Friday, April 5, 2013

NoSQL and Oracle, Sex and Marriage

At last week’s Dallas Oracle Users Group meeting, an Oracle DBA asked me, “With all the new database alternatives out there today, like all these open source NoSQL databases, would you recommend for us to learn some of those?”

I told him I had a theory about how these got so popular and that I wanted to share that before I answered his question.

My theory is this. Developers perceive Oracle as being too costly, time-consuming, and complex:
  • An Oracle Database costs a lot. If you don’t already have an Oracle license, it’s going to take time and money to get one. On the other hand, you can just install Mongo DB today.
  • Even if you have an Oracle site-wide license, the Oracle software is probably centrally controlled. To get an installation done, you’re probably going to have to negotiate, justify, write a proposal, fill out forms, ...you know, supplicate yourself to—er, I mean negotiate with—your internal IT guys to get an Oracle Database installed. It’s a lot easier to just install MySQL yourself.
  • Oracle is too complicated.
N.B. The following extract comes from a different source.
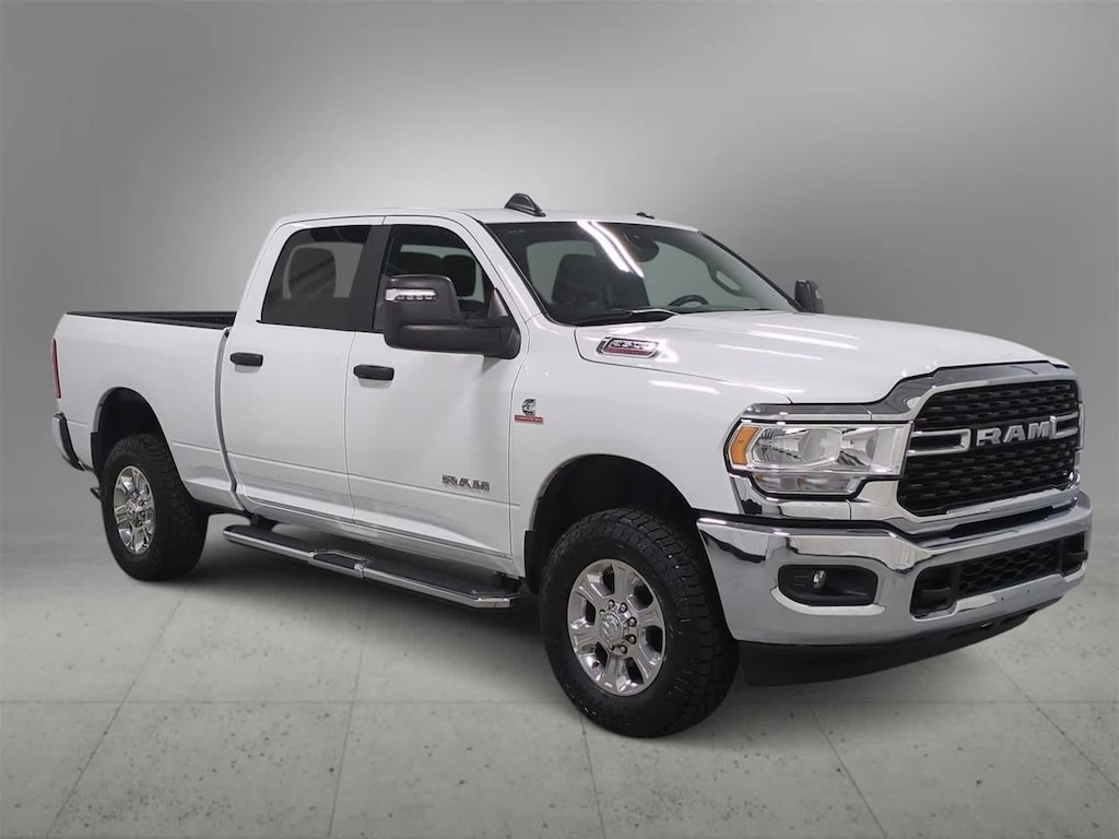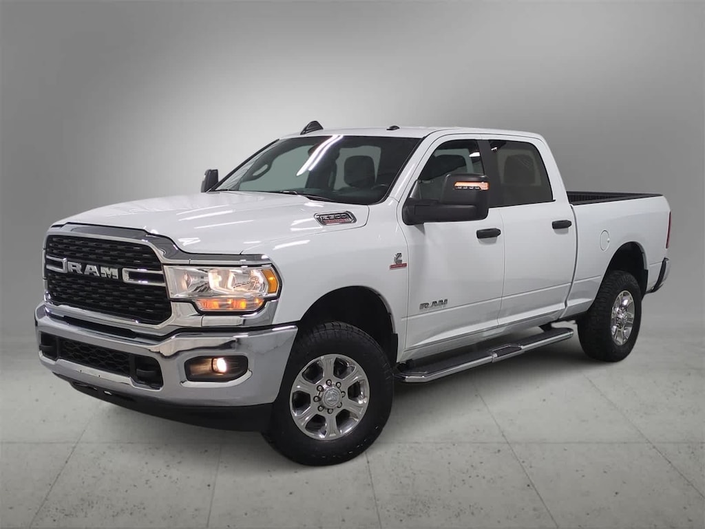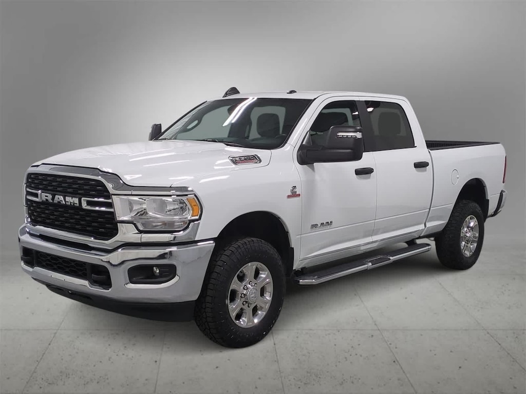 Our Diesel powered, Accident Free, One Owner, Certified Pre-Owned 2024 RAM 2500 Big Horn Crew Cab 4X4 with the Level 1 Equipment Pack in Bright White is engineered to make quick work out of your challenging tasks! Motivated by a TurboCharged 6.7 Liter Cummins Diesel 6 Cylinder providing 370hp and 850lb-ft of torque to a 6 Speed Automatic transmission for terrific towing and hauling capability. A heavy-duty suspension is standard for a confident ride, and our Four Wheel Drive truck has no-nonsense good looks with eye-catching details. This mighty machine is ready to rule the road with our Level 1 Pack, which adds fog lamps, multifunction mirrors, and alloy wheels to chrome accents, bright bumpers, a Class V receiver hitch, and a mighty RAM grille. Running boards and a spray-on bedliner have also been installed.

Even if you have a site license and someone who’s happy to install it for you, it’s so big and complicated and proprietary... The only way to run an Oracle Database is with SQL (a declarative language that is alien to many developers) executed through a thick, proprietary, possibly even difficult-to-install layer of software like Oracle Enterprise Manager, Oracle SQL Developer, or sqlplus. Isn’t there an open source database out there that you could just manage from your operating system command line?
When a developer is thinking about installing a database today because he needs one to write his next feature, he wants something cheap, quick, and lightweight. None of those constraints really sounds like Oracle, does it?

So your Java developers install this NoSQL thing, because it’s easy, and then they write a bunch of application code on top of it. Maybe so much code that there’s no affordable way to turn back. Eventually, though, someone will accidentally crash a machine in the middle of something, and there’ll be a whole bunch of partway finished jobs that die. Out of all the rows that are supposed to be in the database, some will be there and some won’t, and so now your company will have to figure out how to delete the parts of those jobs that aren’t supposed to be there.

Because now everyone understands that this kind of thing will probably happen again, too, the exercise may well turn into a feature specification for various “eraser” functions for the application, which (I hope, anyway) will eventually lead to the team discovering the technical term transaction. A transaction is a unit of work that must be atomic, consistent, isolated, and durable (that’where this acronym ACID comes from). If your database doesn’t guarantee that every arbitrarily complex unit of work (every transaction) makes it either 100% into the database or not at all, then your developers have to write that feature themselves. That’s a big, tremendously complex feature. On an Oracle Database, the transaction is a fundamental right given automatically to every user on the system.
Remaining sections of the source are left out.